So I've been thinking a lot about something Henry Miller said and the other day I dug out the book Conversations With Henry Miller which is where I had read it and this is the passage:
"Who writes the great books? It isn't we who sign our names. What is an artist? He's a man who has antennae, who knows how to hook up to the currents which are in the atmosphere, in the cosmos; he merely has the facility for hooking on, as it were. Who is original? Everything that we are doing, everything that we think, exists already, and we are only intermediaries, that's all, who make use of what is in the air. Why do ideas, who do great scientific discoveries often occur in different parts of the world at the same time? The same is true of the elements that go to make up a poem or a great novel or any work of art. They are already in the air, they have not been given voice, that's all. They need the man, the interpreter, to bring them forth. "

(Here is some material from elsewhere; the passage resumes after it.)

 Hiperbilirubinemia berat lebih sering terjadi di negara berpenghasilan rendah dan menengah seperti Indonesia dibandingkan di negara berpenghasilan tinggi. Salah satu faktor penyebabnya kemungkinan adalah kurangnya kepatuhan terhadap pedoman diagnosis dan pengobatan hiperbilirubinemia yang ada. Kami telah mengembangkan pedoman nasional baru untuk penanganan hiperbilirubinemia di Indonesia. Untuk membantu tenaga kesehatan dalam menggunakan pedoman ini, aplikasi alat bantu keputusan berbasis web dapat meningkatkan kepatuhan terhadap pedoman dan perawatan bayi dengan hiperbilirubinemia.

I think that's why I was so interested in retelling fairy tales -- because they're stories that are so ingrained in our culture and our psyches, but I wanted to see what my take on them. Not because I'm so special, but because I thought it would be interesting to see what a soon-to-be 39-year-old woman who came of age under the shadow of the womens' liberation movement thought about all this stuff.

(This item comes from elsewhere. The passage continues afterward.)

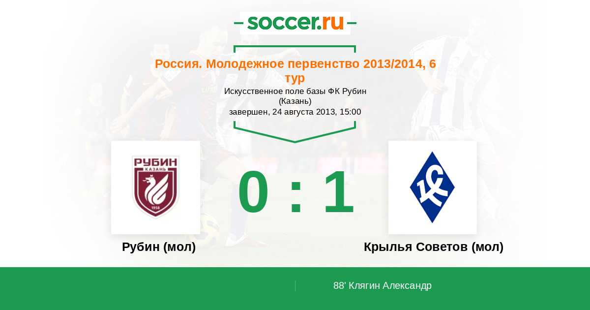 Протокол матча Рубин (мол) против Крылья Советов (мол)

Anyway, enough Womens' Studies talk.
A few years ago, after finishing my first novel, I drove up to Big Sur and stopped at the Henry Miller Library which isn't really a library, but more of a...I don't know...a bookstore? Anyway, there was a guy working there named Ted Jauw and he had this fabulous story about having been married with kids and living in Michigan before everything fell apart and he left and ended up in Big Sur at Esalen with absolutely no money before he got a job at the Library. He also read tarot cards -- this beautiful old set of Mayan cards that were so worn you could barely see the pictures on them -- and I asked if he'd do a reading for me and he kindly said yes and told me to come back the next day because it was his day off. So the next morning I returned and we went to the little cabin where he lived which was next door to the Library and it turned out that it had been built for Anais Nin to stay in when she came to visit which was just too perfect because she's one of my idols. So I had this three-hour reading in this tiny little cabin and it was super bizarre and I still remember everything he said and remained shocked at the accuracy of it. The whole trip was full of these bizarre synchronicities that I like to think only happen in places like Big Sur -- or maybe they only happen when you're just so drained because you've just finished writing a novel.
That's the thing -- my experience has been that once you tire yourself out and stop trying to manage and control every situation, you clear the space for all sorts of happy accidents to occur. I guess some people call it grace. I don't know what I call it, but I know that it's rare and special and they're all moments to be cherished.